Выбрать главу

Момент, когда — как в мультфильме — вы складываете два и два и получаете четыре вместо трех.

Денег на страховом полисе отца хватило только на одни сутки пребывания в больнице. И после полудня Джину вышвырнули из палаты. В воскресенье, никак не позже.

Проведя пять ночей в позе эмбриона, я уже привыкла и даже полюбила сворачиваться калачиком. Я все еще сплю на диванчике, когда на кухне хлопает дверь черного хода.

— …Всю эту кашу, так что это для твоей же пользы, — говорит мама и этими словами резко будит меня. Я шарю глазами по потолку, силясь понять, где нахожусь.

— Да пошла ты… — отвечает Джина. Голос у нее до предела утомленный, высокий и страшно злой.

— Не смейте говорить со мной таким тоном, юная леди, — говорит ей мама. — Вам только шестнадцать лет. И вы находитесь в моем доме. И если я говорю, что вам с ним встречаться нельзя, это значит, что вам с ним встречаться нельзя. И, пока вы живете в этом доме, вам придется слушаться.

— Папа! — кричит Джина. — Папа, ты дома?

Лежа на диванчике, я замечаю в мамином голосе кое-что, чего раньше не замечала. Такие внушения я слышала много раз. За ними обычно следовало обращение к отцу и яростный спор между ним и мамой, в котором мама неизменно терпела поражение, потому что ее коронным аргументом было «Потому, что я так говорю!», на что отец смеялся, ерошил волосы дочери — той или другой — и говорил: «Ладно, иди». И на этом все кончалось и становилось как раньше. За исключением того, что в тлеющий огонь негодования и обид добавлялось еще горячей золы, и в один прекрасный день пламя взметалось вверх, и дверь хлопала за вашей спиной, и вы сбегали в Чикаго.

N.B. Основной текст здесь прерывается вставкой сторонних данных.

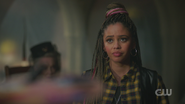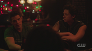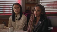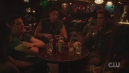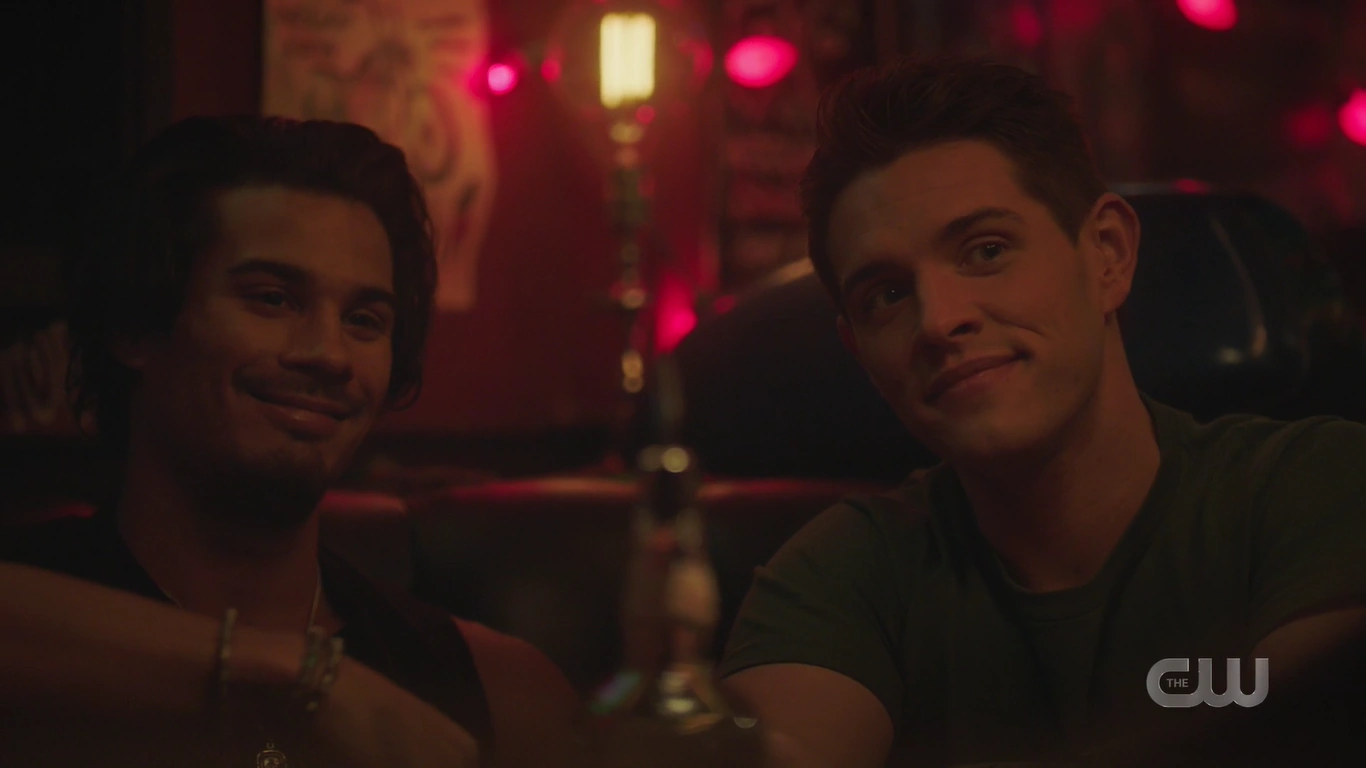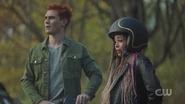 Archie reconvenes with Toni, Kevin, Fangs, and Sweet Pea at the Wyrm to catch up for lost times. Toni had a job lined up after graduation with Riverdale Social Services, but their offices got shut down. Fortunately, Riverdale High needed a guidance counselor. Kevin also works at Riverdale High as the drama teacher. He got his BA from Carnegie Mellon and Pittsburgh, where Fangs graduated from the University of Pittsburgh. Kevin and Fangs remained boyfriends throughout that time, and now they live together with Toni in an apartment on Cloverfield Lane. As for Sweet Pea, he held down the fort while they were gone, and then when Toni returned, they revived the Serpents, under Toni’s leadership, who was crowned the Serpent Queen. Archie then asks about the influx of truckers. Sweet Pea explains that the Serpents drive trucks to make cash, including himself and Fangs. Archie then asks about Cheryl. After Toni got back from Highsmith, she checked on Cheryl a couple of times, but it didn't amount to much.
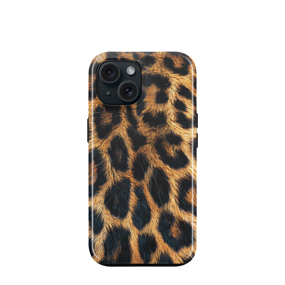 iPhone 15 Hybrid (Kunststoff / Gummi) Hülle Noir Leopard - Braun
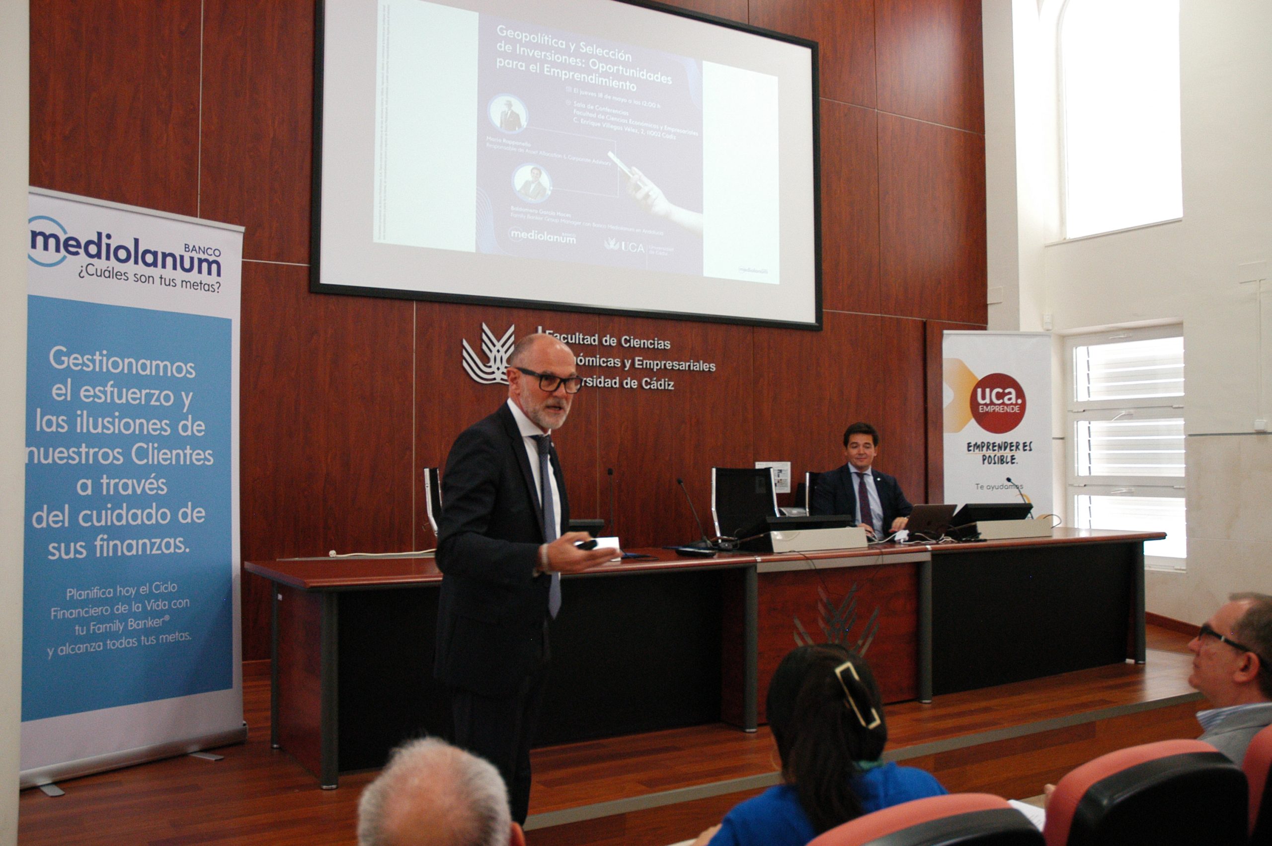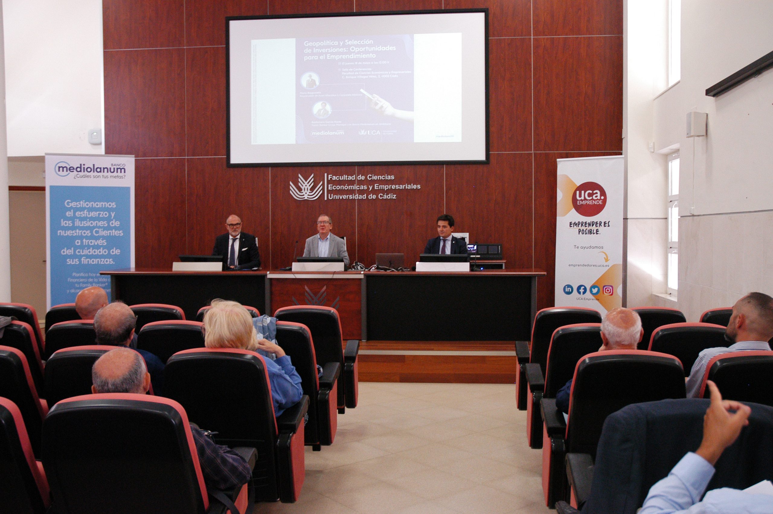 La Universidad de Cádiz organiza hoy, jueves 18, la jornada Geopolítica e Inversiones: Oportunidades para el Emprendimiento en la sala de Conferencias de la Facultad de Ciencias Económicas y Empresariales de Cádiz.
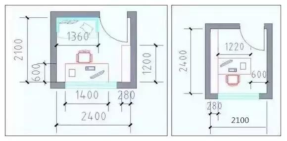 (1)座便器所占的面積為370x600mm;懸掛式洗面盆占用的面積為500x700mm,圓柱式洗面盆占用的面積400x600mm;正方形淋浴間的面積為900x900mm。
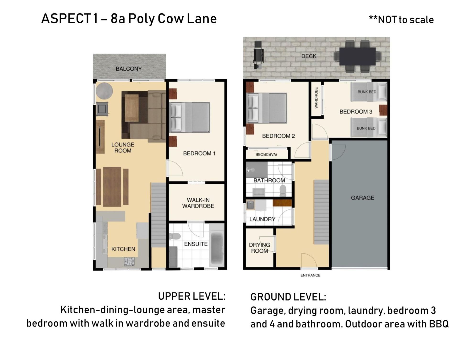 The very large main bedroom upstairs has a queen bed, walk in robe and ensuite, while the ground floor has a bedroom with a queen bed and one with two sets of bunks, a bathroom, laundry with washer/dryer and large drying room with lots of space for ski and room to hang your jackets.
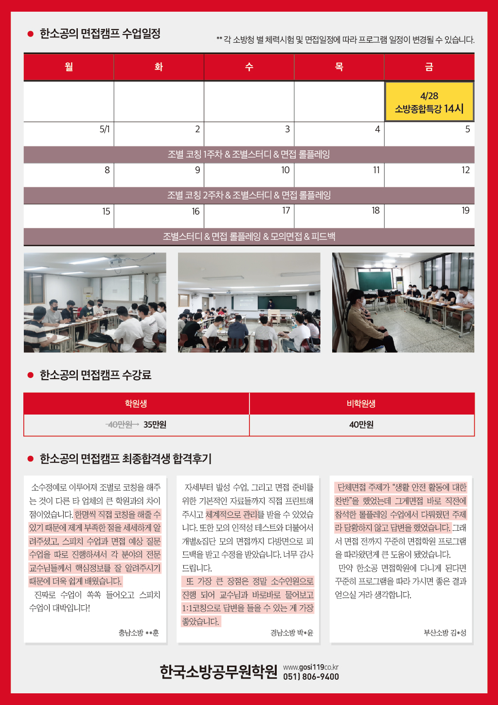 [면접캠프] 2023년 소방최종합격! 소수정예 면접캠프 4/28(금)개강!
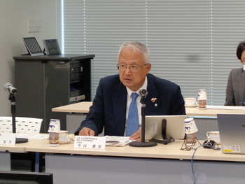 会議では、まず、日東カストディアル・サービス株式会社常務取締役 小西 英司 (こにし えいじ)様から同社における「被用者保険の適用拡大・年収の壁」への対応について、続いて、企業年金連合会理事長 鮫島 正大(さめじま まさひろ)様から企業年金の現状や普及・拡大にかかる課題、および同連合会における普及・拡大に向けた取組について、それぞれご説明をいただきました。次に、厚生労働省 政策統括官(総合政策担当)付 政策企画官 安田 正人(やすだ まさと)様(当初予定だった安藤公一参事官の代理)から、昨年末に閣議決定された「全世代型社会保障構築を目指す改革の道筋(改革工程)」に基づき4月から検討が始められた「医療・介護保険における金融所得の勘案」の現状と課題について、ご説明をいただきました。
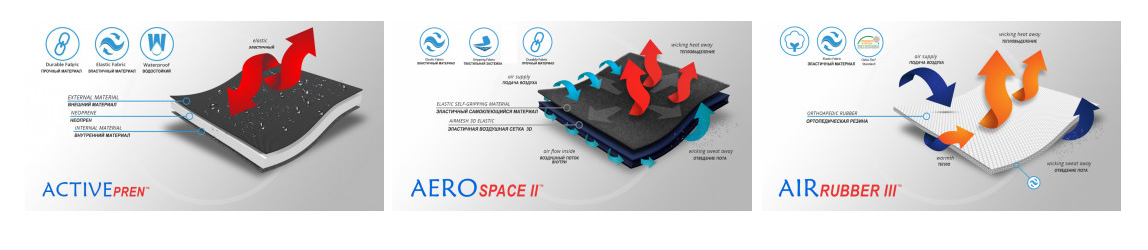 Ремни изготовлены из материала AirRubber III™, который характеризуется односторонней эластичностью. Материал растягивается в длину но не в ширину, что увеличивает компрессию. Воздух свободно циркулирует между нитей, вентилируя кожу. Кроме компрессии материал легко массирует кожу. Материал очень приятный для кожи.
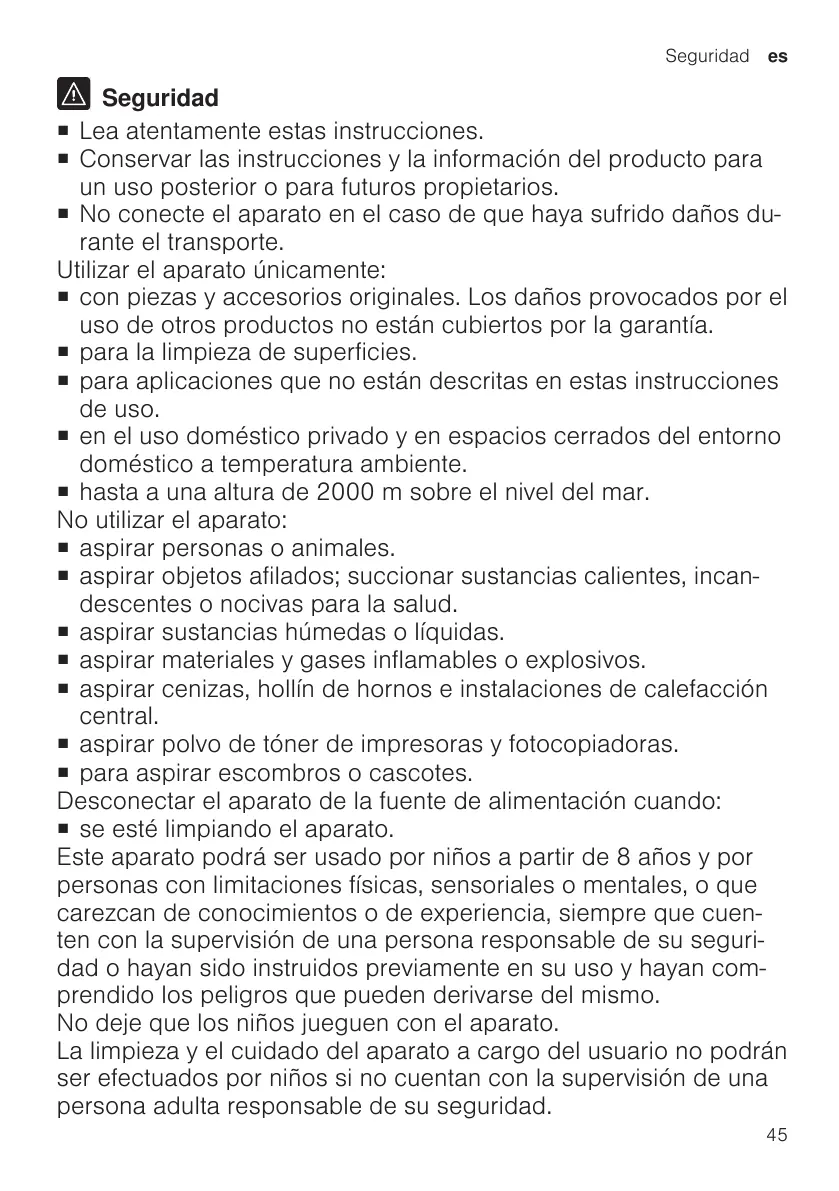 ¡ aspirar sustancias húmedas o líquidas.
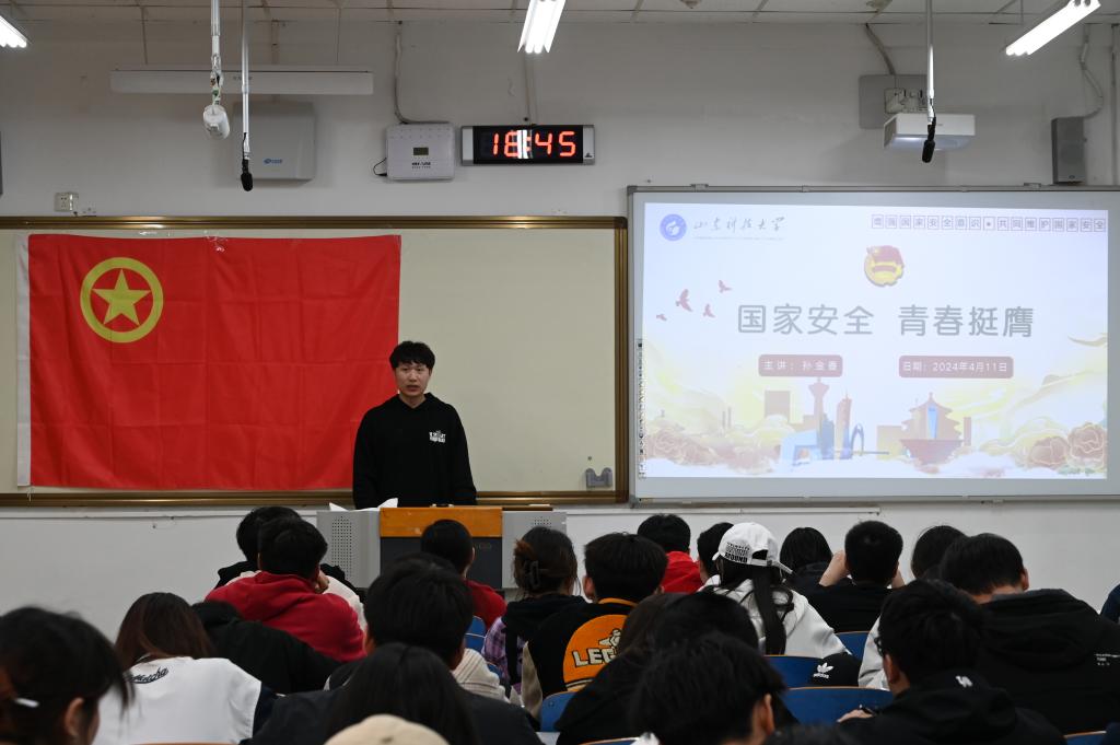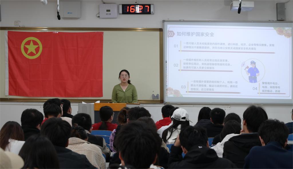 首先,孫金香以“國家安全 青春挺膺”為題講授團課。她通過知識講解和案例分析的形式,以習近平總書記關于總體國家安全觀的重要論述為切入點,詳細介紹了國家安全日的由來、危害國家安全的行為、如何維護國家安全以及誰來保衛國家安全等內容。她指出,維護國家安全是每位公民的責任和義務,作為團支部書記更應該以身作則,增強憂患意識、樹立底線思維,為同學們樹立榜樣。她強調,各團支部要高度重視,精心籌備,認真開展國家安全主題團日活動,引導同學們將國家安全意識轉化為自覺行動,強化守護國家安全、共筑青春防線的時代責任。
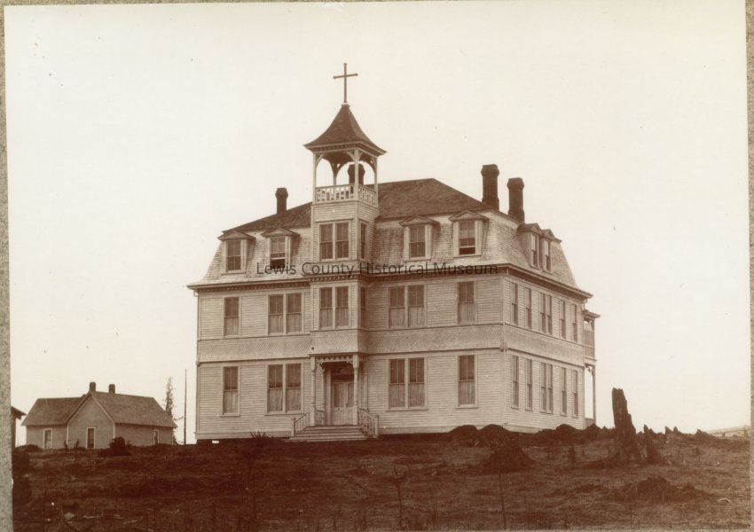 Holy Rosary Academy, built 1893, facing St. Helens Ave., Chehalis, WA. It was the educational center for Catholic students until 1923 when the St. Joseph School opened on 6th St. Photo 1900.
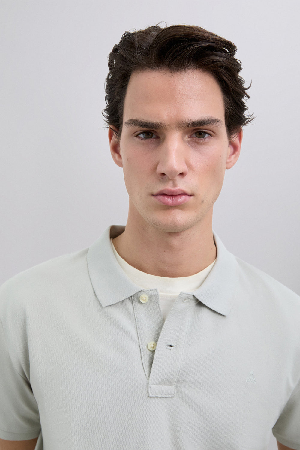 Polo básico confeccionado en 100% algodón BCI. Regular fit, cuello clásico y cierre con botones. Manga corta y calavera bordada a tono.
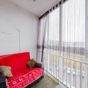 Застекленная лоджия с видом на закат.
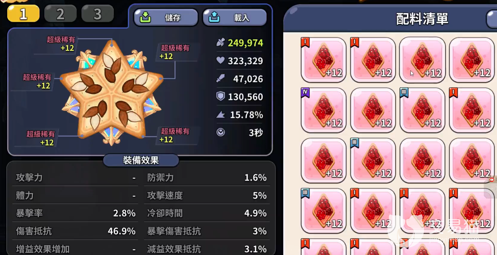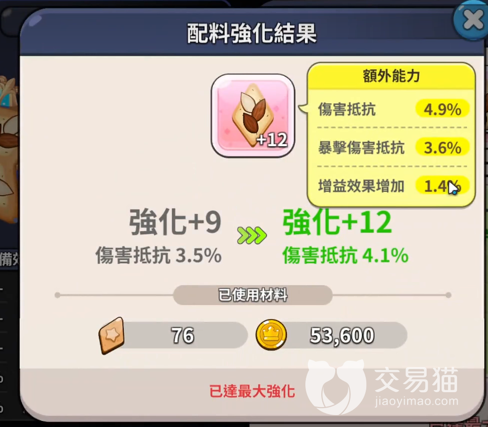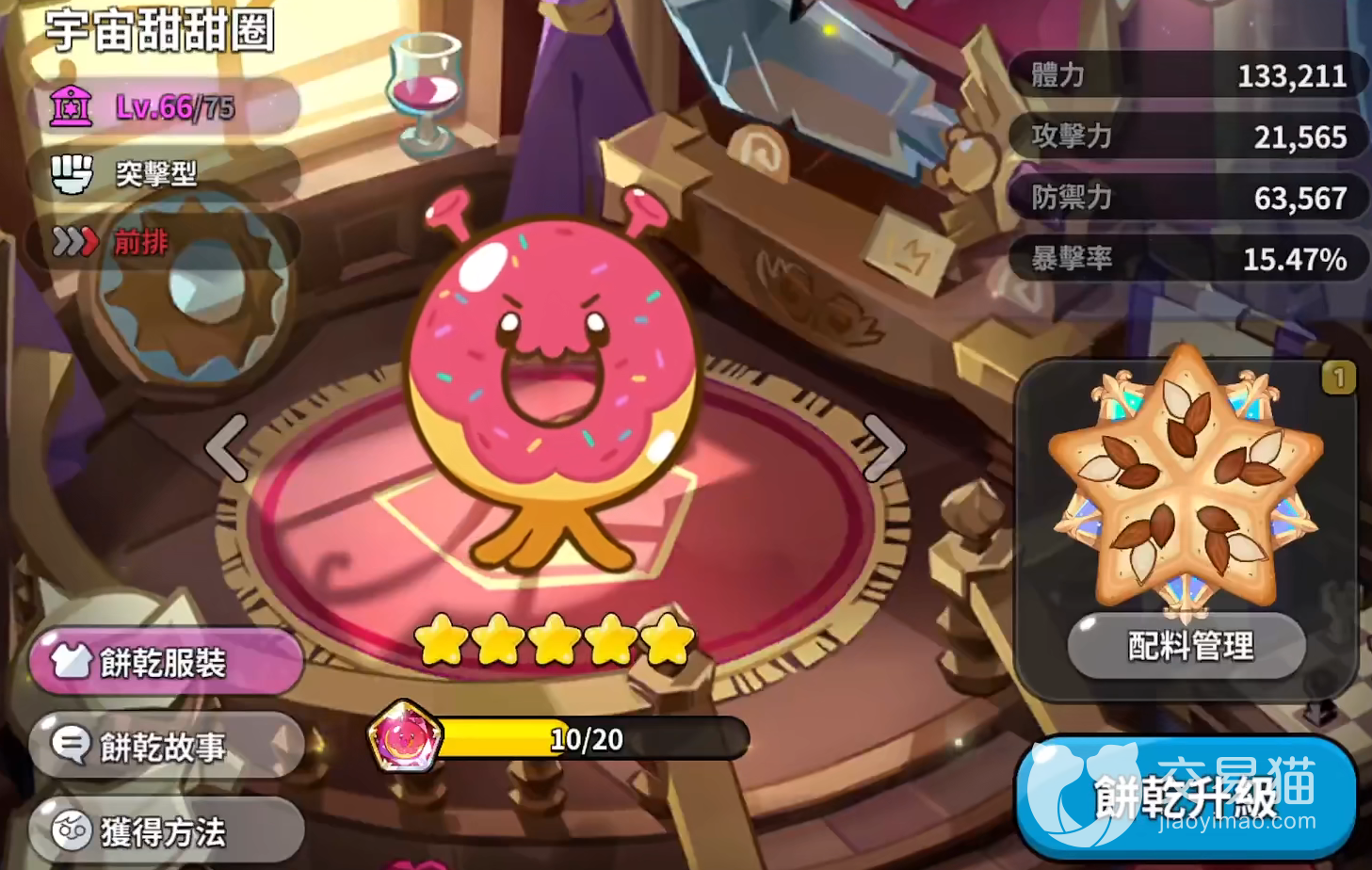 配料在同类型游戏中可以理解为装备,提升饼干人的各项属性,每位饼干人可以带5个位置的配料,配料上会写明各类属性:攻击力、防御力、暴击、减伤、攻速等等,这里大家应该能理解了,想要5个位置全部解锁需要达到30级。

Но сегодня, лежа на этой кушетке, не видя маминого лица и зная, что ее нотация обращена не ко мне, я слышу в ее голосе нечто, чего раньше не замечала.

Страх.

Снова вспышка.

Все крики из моих воспоминаний собираются под вспыхнувшей, как в мультфильме, лампочкой, и соединяются. Я знаю, что мама…

Мама боится.

Не знаю чего. Может быть, того, что ее дочери шатаются всюду с этими мальчишками, которые им совсем не пара и о которых даже говорить не хочется. Может быть, того, что дочери могут поставить ее в неловкое положение. Может быть, того, что дочери могут оставить ее одну с отцом. Потому что что еще удержит их вместе, если уедем мы обе — и Джина, и я?

Ни один из этих вариантов на сто процентов не подходит.

Но я помню отчаяние в ее голосе каждый раз, когда она говорила о Джонзе, ее слезы, попытки манипулировать нами, даже это правило «никакого кофеина после пяти часов вечера»… Все для того, чтобы привязать нас к себе и не допустить вторжения в свой мирок. Только вот привязать нас не так-то легко.

Она и отца-то привязать не может, а он связан «священными узами брака».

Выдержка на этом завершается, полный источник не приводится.